Collection entries:
* * * * *

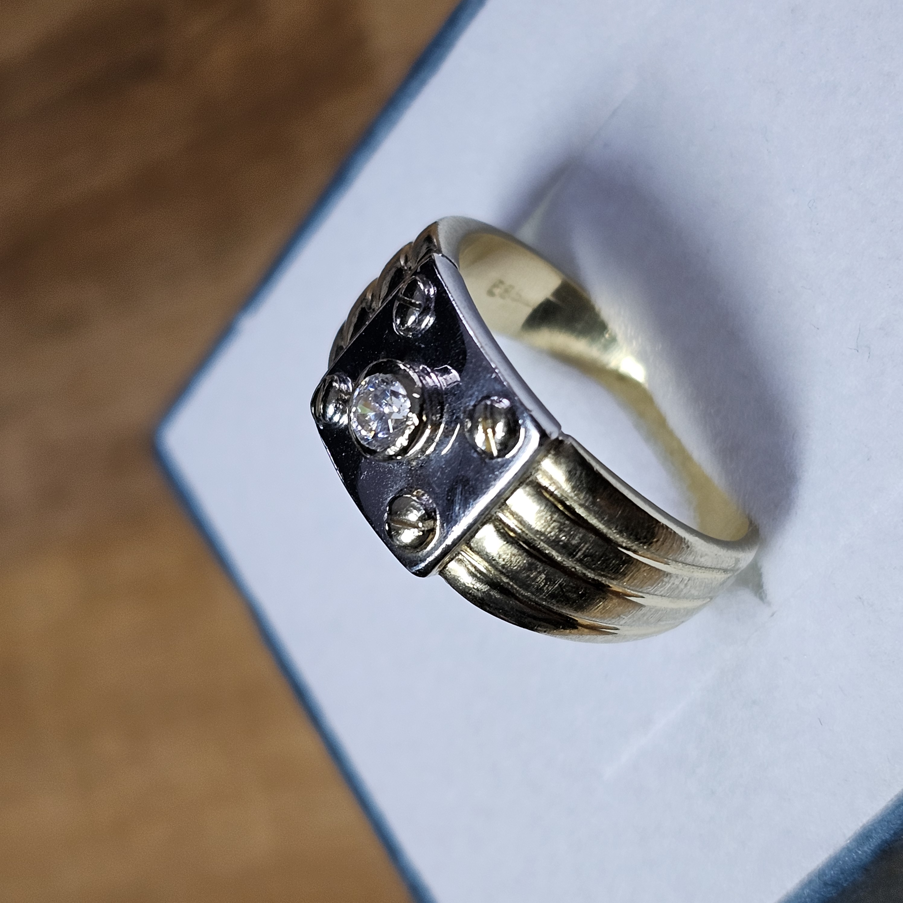 17,7 mm Nostalgischer Ring Gold 585 teilplatiniert Topas weiß klar Design Vintage elegant GR309
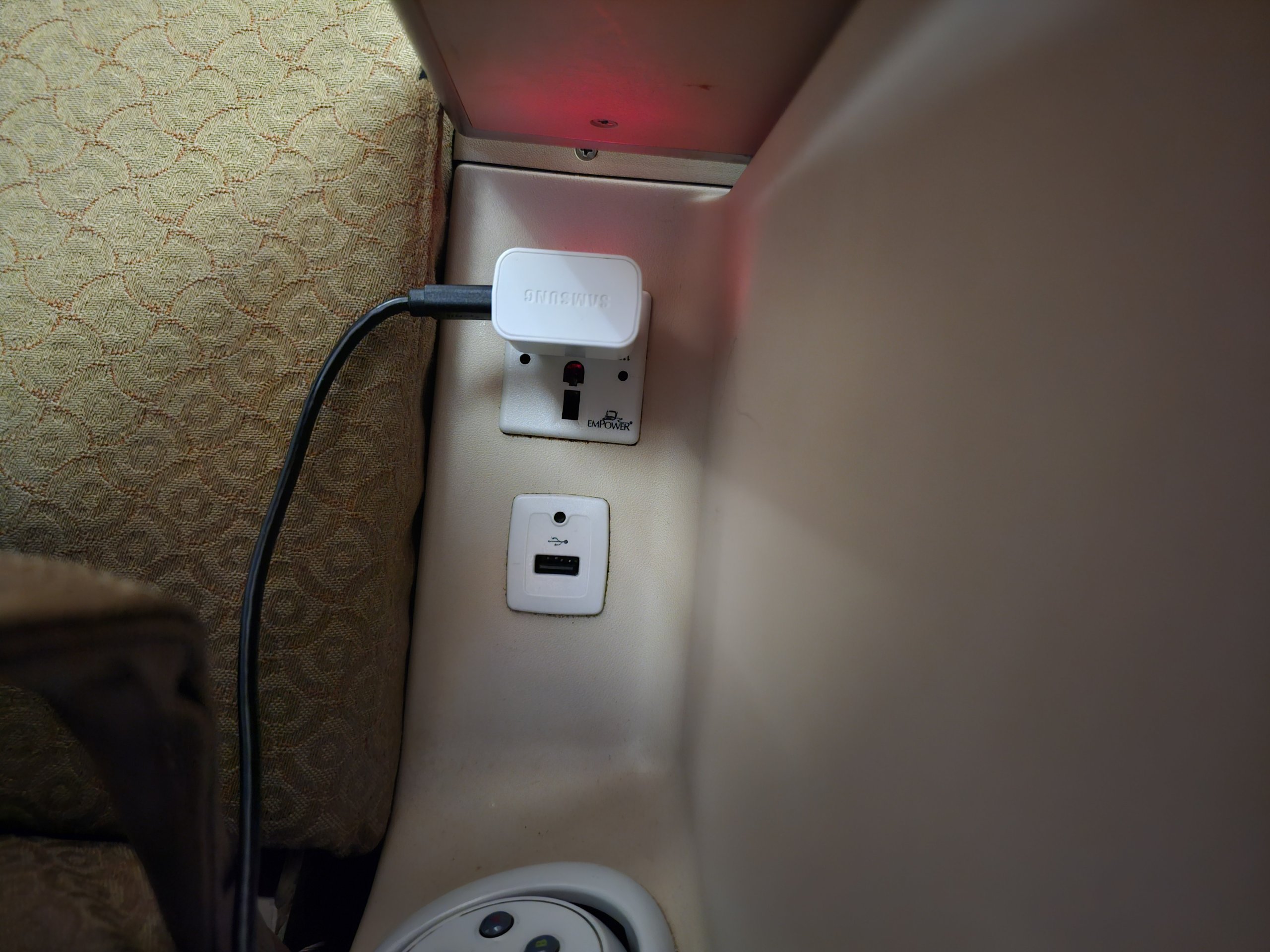 Hvert sete er også utstyrt med en internasjonal stikkontakt. Det er imidlertid ikke bra å stole på at det skal fungere. På fire flyvninger fungerte pluggen ved setet mitt bare to ganger.
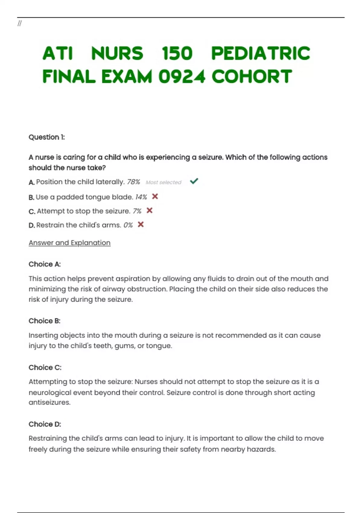 ATI NURS 150 PEDIATRIC FINAL EXAM 0924 COHORT Questions and Verified Answers with Rationales
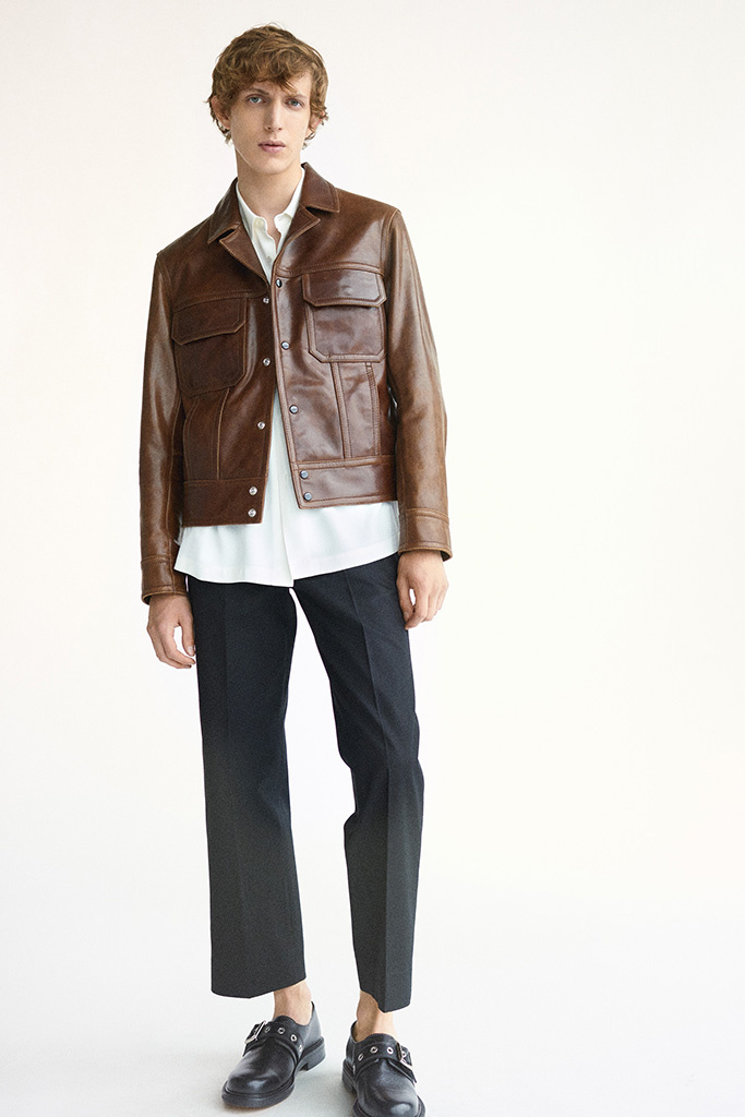 The vintage vibe carried through into a Fifties-style, red silk zip-up jacket with front pockets, and a brown leather car coat in a distressed patina that was matched on chunky brogues. For a more casual look, the label offered cropped track pants with a signature “S” embroidered over one hip.
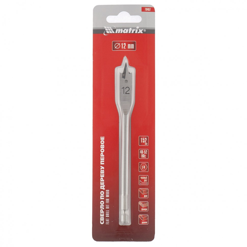 Сверло перовое по дереву Matrix 70407 12 мм
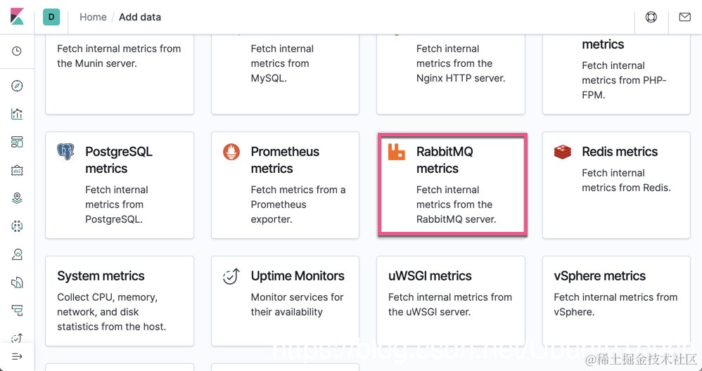 接下来,我们选择 “RabbitMQ metrics”:
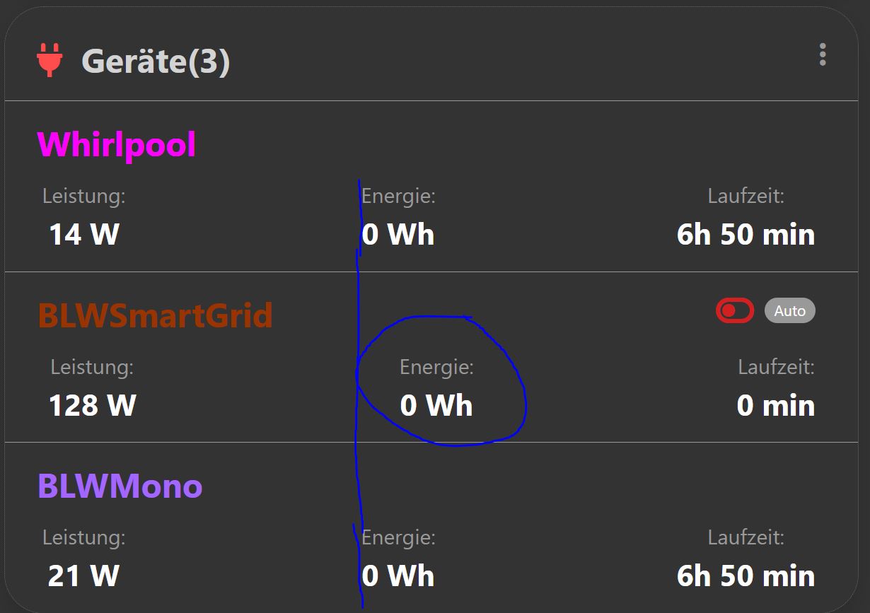 Das liegt an der Integration, kommt irgendwann.holgerwolf hat geschrieben: Mi Nov 08, 2023 10:17 am Ich bekomme auch mit dem aktuellen Master immer noch keine Anzeige des Energie-Verbrauchs (kWh) der smarthome Geräte.

* * * * *

Restate the data above word for word. Skip every picture.

 17,7 mm Nostalgischer Ring Gold 585 teilplatiniert Topas weiß klar Design Vintage elegant GR309
 Hvert sete er også utstyrt med en internasjonal stikkontakt. Det er imidlertid ikke bra å stole på at det skal fungere. På fire flyvninger fungerte pluggen ved setet mitt bare to ganger.
 ATI NURS 150 PEDIATRIC FINAL EXAM 0924 COHORT Questions and Verified Answers with Rationales
 The vintage vibe carried through into a Fifties-style, red silk zip-up jacket with front pockets, and a brown leather car coat in a distressed patina that was matched on chunky brogues. For a more casual look, the label offered cropped track pants with a signature “S” embroidered over one hip.
 Сверло перовое по дереву Matrix 70407 12 мм
 接下来,我们选择 “RabbitMQ metrics”:
 Das liegt an der Integration, kommt irgendwann.holgerwolf hat geschrieben: Mi Nov 08, 2023 10:17 am Ich bekomme auch mit dem aktuellen Master immer noch keine Anzeige des Energie-Verbrauchs (kWh) der smarthome Geräte.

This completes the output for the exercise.